== GIVEN MATERIAL ==

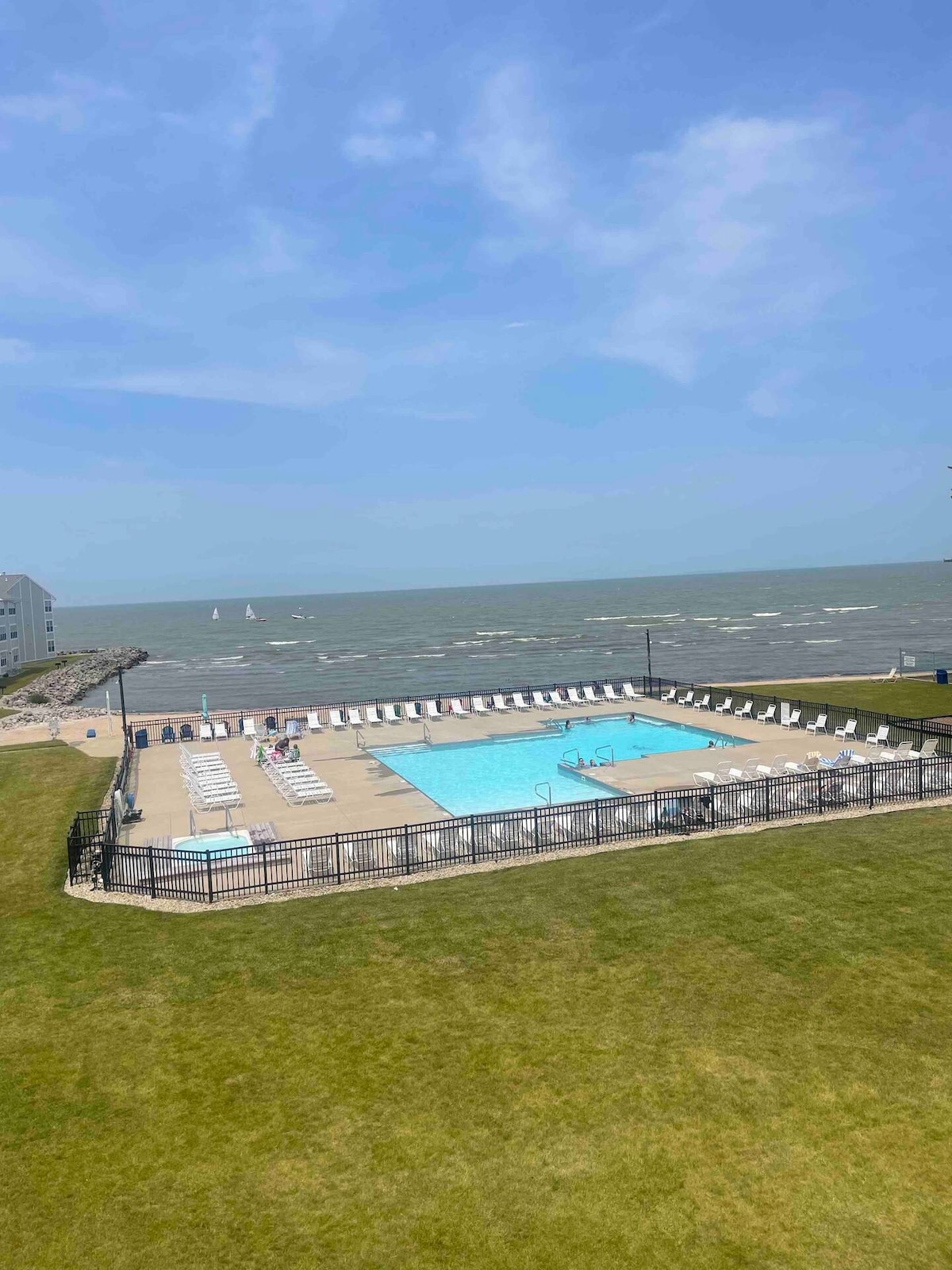 Book your getaway to The Blue Palm today! Recently updated, pristine 3rd floor waterfront condo, offering you unparalleled views of Lake Erie & The Islands. You will feel as though you're sitting on top of the lake, with soothing sounds of the waves crashing on the shore just beyond the sun room windows. *Walk 5 min to Jet Express & 10 to Downtown *Unwind in the lakefront heated pool and hot tub *Indulge in quiet walks along the private beach *1 ft-entry pool & expansive playground for the kids
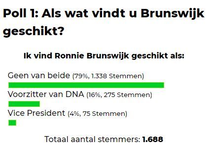 Of het u zal verbazen is niet zeker, maar 1338 van de 1288 personen, een niet zuinige 70%, vindt Brunswijk noch als DNA voorzitter, noch als Vicepresident een geschikte kandidaat. De eerste is hij al, de tweede kan hij worden! 16% van de stemmers vindt hem wel goed genoeg als DNA voorzitter, 275 personen dus, en slechts een heel magere 4% of 75 personen achten hem geschikt als VP. Heeft u er ook een mening over?
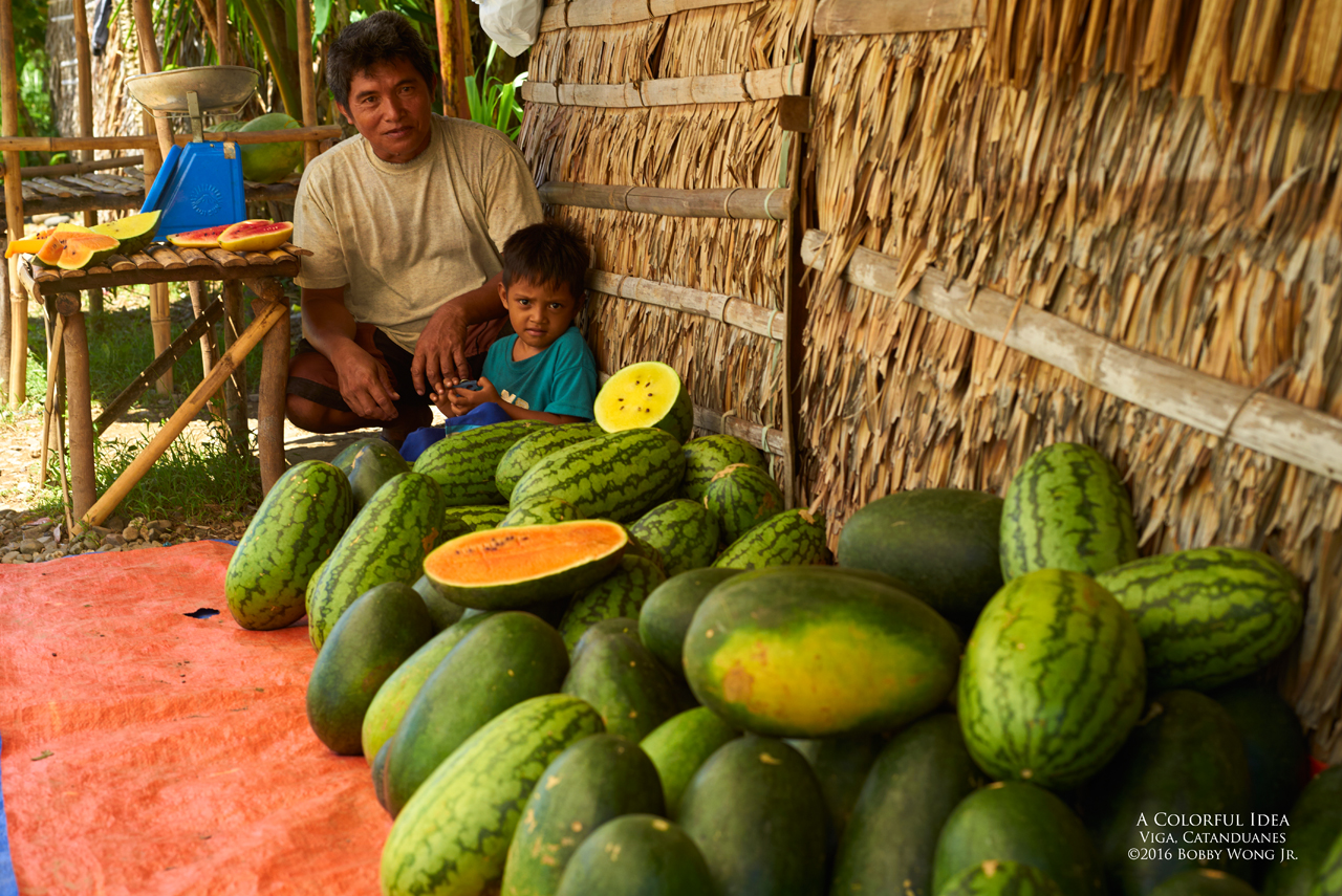 While combing the countryside for landscapes, we often run into interesting folks busy making a living. Photographing folks-at-work is of particular interest to us. Aside from the insight of how the rest of the country make ends meet, we feel certain some of these professions may disappear with the constant march of progress.Along the road in barangay Peñafrancia, just outside the municipality of Viga in Catanduanes, we chanced upon Oliver and his son Reymark. Oliver is a farmer who sought to differentiate himself by growing and peddling watermelon of several colors. We counted four: red, yellow, and two shades of orange, which in the noontime heat, were equally sweet and refreshing. Live long, watermelon farmers! Enjoy.(Pixel-peepers: We love taking landscapes, but it's the environmental portraits that we can't enough of.)

===

Look above for the line containing "Of het u zal"; output that line and all lines after it through the last one exactly, without the pictures.

 Of het u zal verbazen is niet zeker, maar 1338 van de 1288 personen, een niet zuinige 70%, vindt Brunswijk noch als DNA voorzitter, noch als Vicepresident een geschikte kandidaat. De eerste is hij al, de tweede kan hij worden! 16% van de stemmers vindt hem wel goed genoeg als DNA voorzitter, 275 personen dus, en slechts een heel magere 4% of 75 personen achten hem geschikt als VP. Heeft u er ook een mening over?
 While combing the countryside for landscapes, we often run into interesting folks busy making a living. Photographing folks-at-work is of particular interest to us. Aside from the insight of how the rest of the country make ends meet, we feel certain some of these professions may disappear with the constant march of progress.Along the road in barangay Peñafrancia, just outside the municipality of Viga in Catanduanes, we chanced upon Oliver and his son Reymark. Oliver is a farmer who sought to differentiate himself by growing and peddling watermelon of several colors. We counted four: red, yellow, and two shades of orange, which in the noontime heat, were equally sweet and refreshing. Live long, watermelon farmers! Enjoy.(Pixel-peepers: We love taking landscapes, but it's the environmental portraits that we can't enough of.)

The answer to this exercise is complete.